Running on Swift#

Please see the Modules page for information about setting up your environment and loading modules.

swift.hpc.nrel.gov
swift-login-1.hpc.nrel.gov

swift.hpc.nrel.gov is a round-robin alias that will connect you to any available login node.

SSH Keys#

User accounts have a default set of keys cluster and cluster.pub. The config file will use these even if you generate a new keypair using ssh-keygen. If you are adding your keys to Github or elsewhere you should either use cluster.pub or will have to modify the config file.

Slurm and Partitions#

The most up to date list of partitions can always be found by running the sinfo command on the cluster.

Partition	Description
long	jobs up to ten days of walltime
standard	jobs up to two days of walltime
gpu	Nodes with four NVIDIA A100 40 GB Computational Accelerators, up to two days of walltime
debug	two nodes reserved for short tests, up to four hours of walltime

Each partition also has a matching -standby partition. Allocations which have consumed all awarded AUs for the year may only submit jobs to these partitions, and their default QoS will be set to standby. Jobs in standby partitions will be scheduled when there are otherwise idle cycles and no other non-standby jobs are available. Jobs that run in the standby queue will not be charged any AUs.

Any allocation may submit a job to a standby QoS, even if there are unspent AUs.

By default, nodes can be shared between users. To get exclusive access to a node use the --exclusive flag in your sbatch script or on the sbatch command line.

Important

Use --cpus-per-task with srun/sbatch otherwise some applications may only utilize a single core.

GPU Nodes#

Swift now has ten GPU nodes. Each GPU node has 4 NVIDIA A100 40GB GPUs, 96 CPU cores, and 1TB RAM.

GPU nodes are also shared, meaning that less than a full node may be requested for a job, leaving the remainder of the node for use by other jobs concurrently. (See the section below on AU Charges for how this affects the AU usage rate.)

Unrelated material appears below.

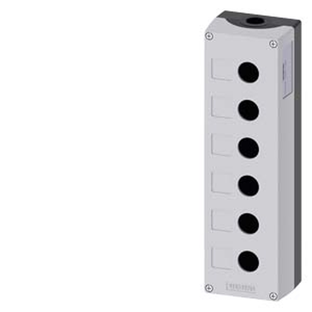 Siemens Gehäuse 3SU1856-0AA00-0AB1 Gehäuse für Befehlsgeräte, 22mm, rund, Metall, grau, 6 Befehlstellen Gehäuse für Befehlsgeräte, 22 mm, rund, Gehäusematerial Metall, Gehäuseoberteil grau, 6 Befehlsstellen, ohne Bestückung, Vertiefung für Schilder, Bodenbefestigung, oben und unten je 1xM25 Gehäuse SIRIUS ACT für die Montage der 22,5 mm Befehls- und Meldegeräte bei räumlich getrennter Anordnung von Steuereinheiten und Schaltschränken.Unter dem Markennamen SIRIUS ACT bietet Siemens ein einzigartiges Portfolio an Befehls- und Meldegeräten mit weltweiten Produkt-Zulassungen in drei modernen Designreihen aus robustem Echtmetall und hochwertigem Kunststoff.Das innovative Aufschnappkonzept vereinfacht die Montage so weit, dass dafür nur eine Hand und kein Spezialwerkzeug erforderlich ist. Als Montagebohrungen genügen nutfreie Löcher, da bereits ein 100%iger Verdrehschutz integriert ist.Dank der durchgängig hohen Schutzart sind die robusten Geräte industrietauglich und für den Außeneinsatz geeignet. Sogar die Reinigung mit Hochdruckstrahl ist möglich. Weder Staub, Öle noch aggressive Laugen können den zuverlässigen Betrieb stören.Neben der Standardverdrahtung können die meisten Geräte auch über PROFINET, AS-Interface oder IO-Link an die Steuerung angebunden werden. Damit reduzieren Sie Ihren Verdrahtungsaufwand, minimieren Fehlerquellen und gewinnen mehr Flexibilität.Komfortabel unterstützt der grafische Online-Konfigurator bei Auswahl und Bestellung von Einzelgeräten, Gehäusen und Beschriftungen. Umfangreiche Dokumentation (z.B. Handbuch, 3D-Daten, Anschlussdiagramm) ist verfügbar.Lieferbare Ausführungen: gelb/grau, Kunststoff/Metall, 1-6 Befehlstellen, Leergehäuse/Vorbestückung, wahlweise mit AS-Interface-Anbindung.SIRIUS ACT-Performance in Action beim Befehlen und Melden. Einfach montiert, einfach stark, einfach perfekt. Hersteller Siemens Nr. 3SU18560AA000AB1 EAN Nr. 4011209970298 Warengruppe Siemens Befehls- Meldegeräte

To request use of a GPU, use the flag --gres=gpu:<quantity> with sbatch, srun, or salloc, or add it as an #SBATCH directive in your sbatch submit script, where <quantity> is a number from 1 to 4.

CPU Core and RAM Defaults on GPU Nodes#

If your job will require more than the default 1 CPU core and 1.5GB RAM you must request the quantity of cores and/or RAM that you will need, by using additional flags such as --ntasks= or --mem=. See the Slurm Job Scheduling section for details on requesting additional resources.

Allocation Unit (AU) Charges#

The equation for calculating the AU cost of a job on Swift is:

AU cost = (Walltime in hours * Number of Nodes * QoS Factor * Charge Factor)

The Walltime is the actual length of time that the job runs, in hours or fractions thereof.

The Number of nodes can be whole nodes or fractions of a node. See below for more information.

The Charge Factor for Swift CPU nodes is 5.

The Charge Factor for Swift GPU nodes is 50, or 12.5 per GPU.

The QoS Factor for normal priority jobs is 1.

The QoS Factor for high-priority jobs is 2.

The QoS Factor for standby priority jobs is 0. There is no AU cost for standby jobs.

One CPU node for one hour of walltime at normal priority costs 5 AU total.

One CPU node for one hour of walltime at high priority costs 10 AU total.

One GPU for one hour of walltime at normal priority costs 12.5 AU total.

Four GPUs for one hour of walltime at normal priority costs 50 AU total.

Shared/Fractional CPU Nodes#

Swift allows jobs to share nodes, meaning fractional allocations are possible.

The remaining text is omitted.